:: Recorded data

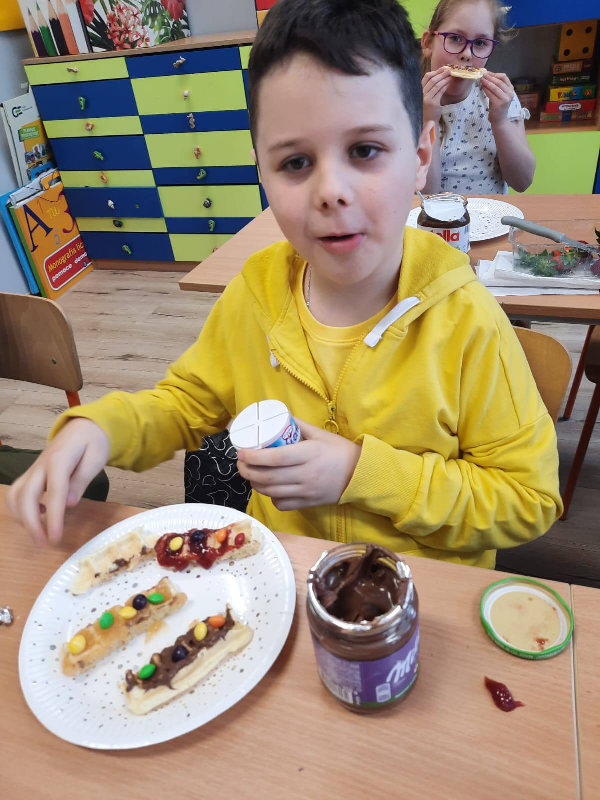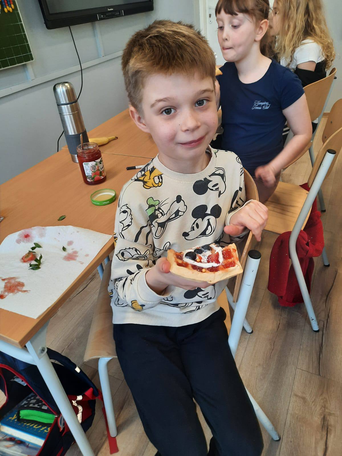 Przygotowanie gofrów w ramach projektu „Zdrowie na talerzu” to dla drugoklasistów cenna lekcja świadomego odżywiania. Dzieci uczą się, jak zastępować cukier owocami, a zwykłą mąkę jej pełnoziarnistym odpowiednikiem, co promuje zdrowe nawyki żywieniowe. Podczas zajęć uczniowie rozwijają kompetencje matematyczne poprzez odmierzanie składników oraz polonistyczne, czytając przepis ze zrozumieniem. Praca w grupach buduje umiejętność współpracy, a samodzielne korzystanie z przyborów kuchennych rozwija sprawność manualną i poczucie odpowiedzialności. Finał projektu, czyli wspólna degustacja, uczy dzieci kultury spożywania posiłków i daje ogromną satysfakcję z własnoręcznie wykonanej pracy.
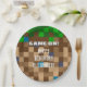 Game On Pixelated Grass Block Gaming Birthday Paper Plate
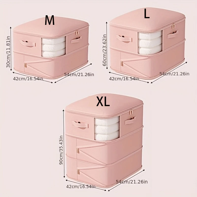 1.Declutter Save Space: Perfect for storing and organizing winter blanket, duvets, king and queen size comforters, sweater, quilts, sheets, baby items etc; Hassle free no vacuum storage that has a big capacity though still compact; Safe to store in Attic or Basement.
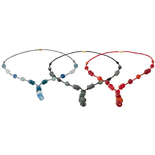 GH1-33-010-02 Halskette, Y-Form, mit handgearbeiteten Perlen aus Recycling-Glas, schwarz, L29
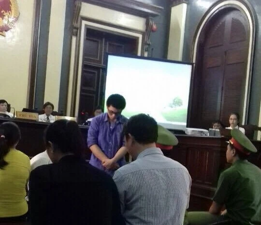 Gần cuối phiên xử, chủ tọa yêu cầu bị cáo B. quay xuống xin lỗi gia đình người bị hại. Lúc này B. tỏ ra ăn năn, hối hận về hành vi của mình gây ra.
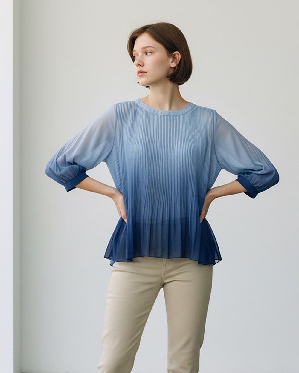 グラデーションプリーツブラウス
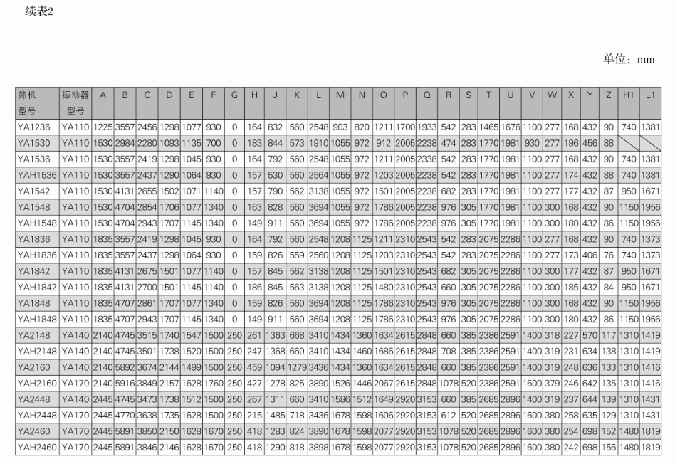 YA圓振動篩也稱為砂石振動篩,其運動軌跡為圓,全系列共有四十種規格。
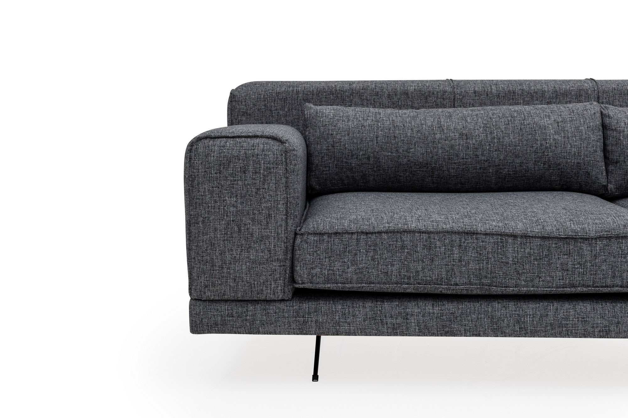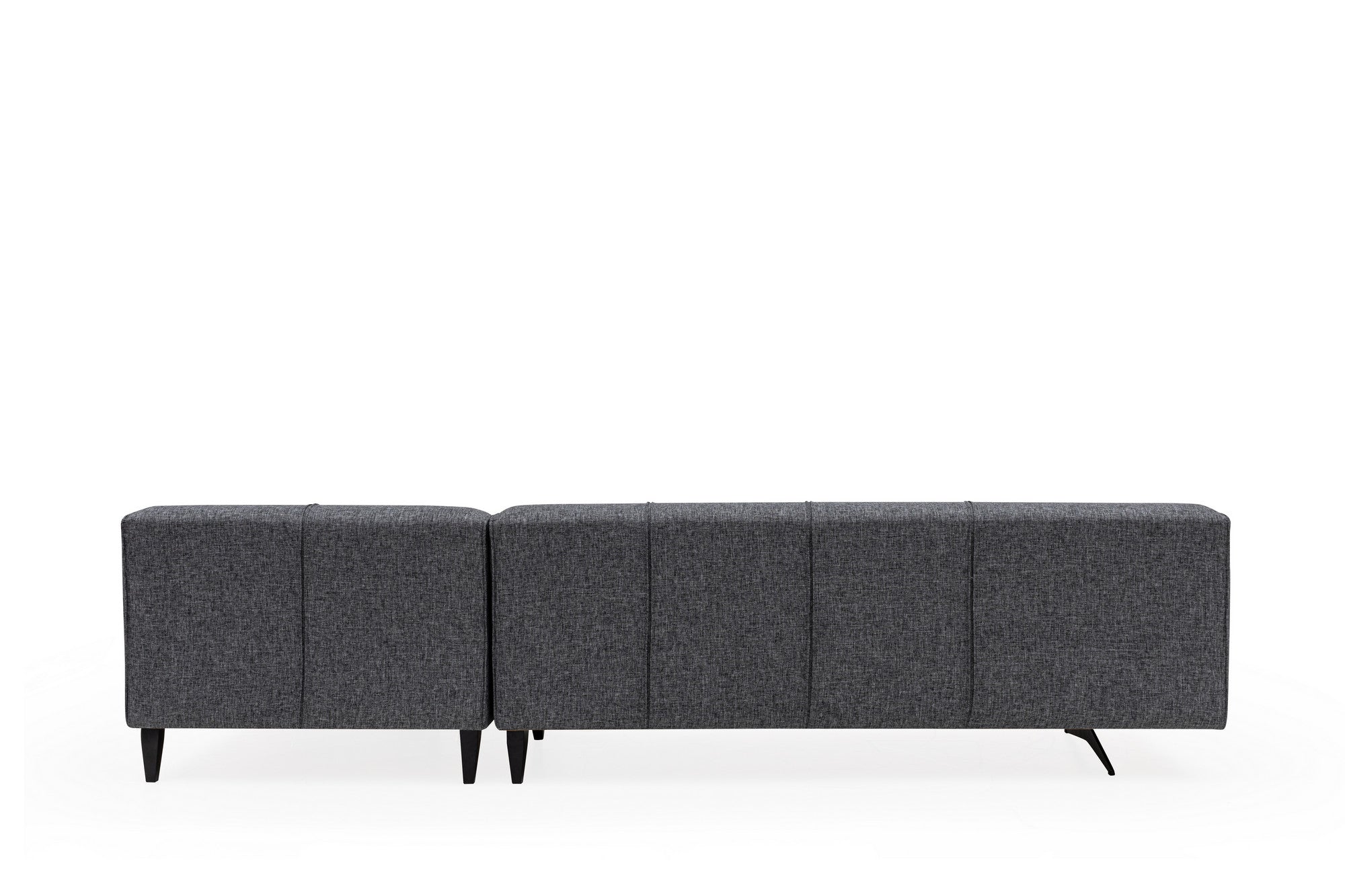Ennek a sarokkanapénak az elegáns és modern kialakítása könnyedén feldobja bármelyik szoba stílusát. Az egyszínű antracitszürke szín egy csipetnyi kifinomultságot kölcsönöz, így tökéletes kiegészítője bármilyen ipari vagy skandináv ihletésű dekorációnak.

::::

Work order ▸
Nothing but the lines from the line containing "グラデーションプリーツブラウス" through the last line of the material may be output, and they must be copied exactly, without pictures.

Exercise response ▸
 グラデーションプリーツブラウス
 YA圓振動篩也稱為砂石振動篩,其運動軌跡為圓,全系列共有四十種規格。
Ennek a sarokkanapénak az elegáns és modern kialakítása könnyedén feldobja bármelyik szoba stílusát. Az egyszínű antracitszürke szín egy csipetnyi kifinomultságot kölcsönöz, így tökéletes kiegészítője bármilyen ipari vagy skandináv ihletésű dekorációnak.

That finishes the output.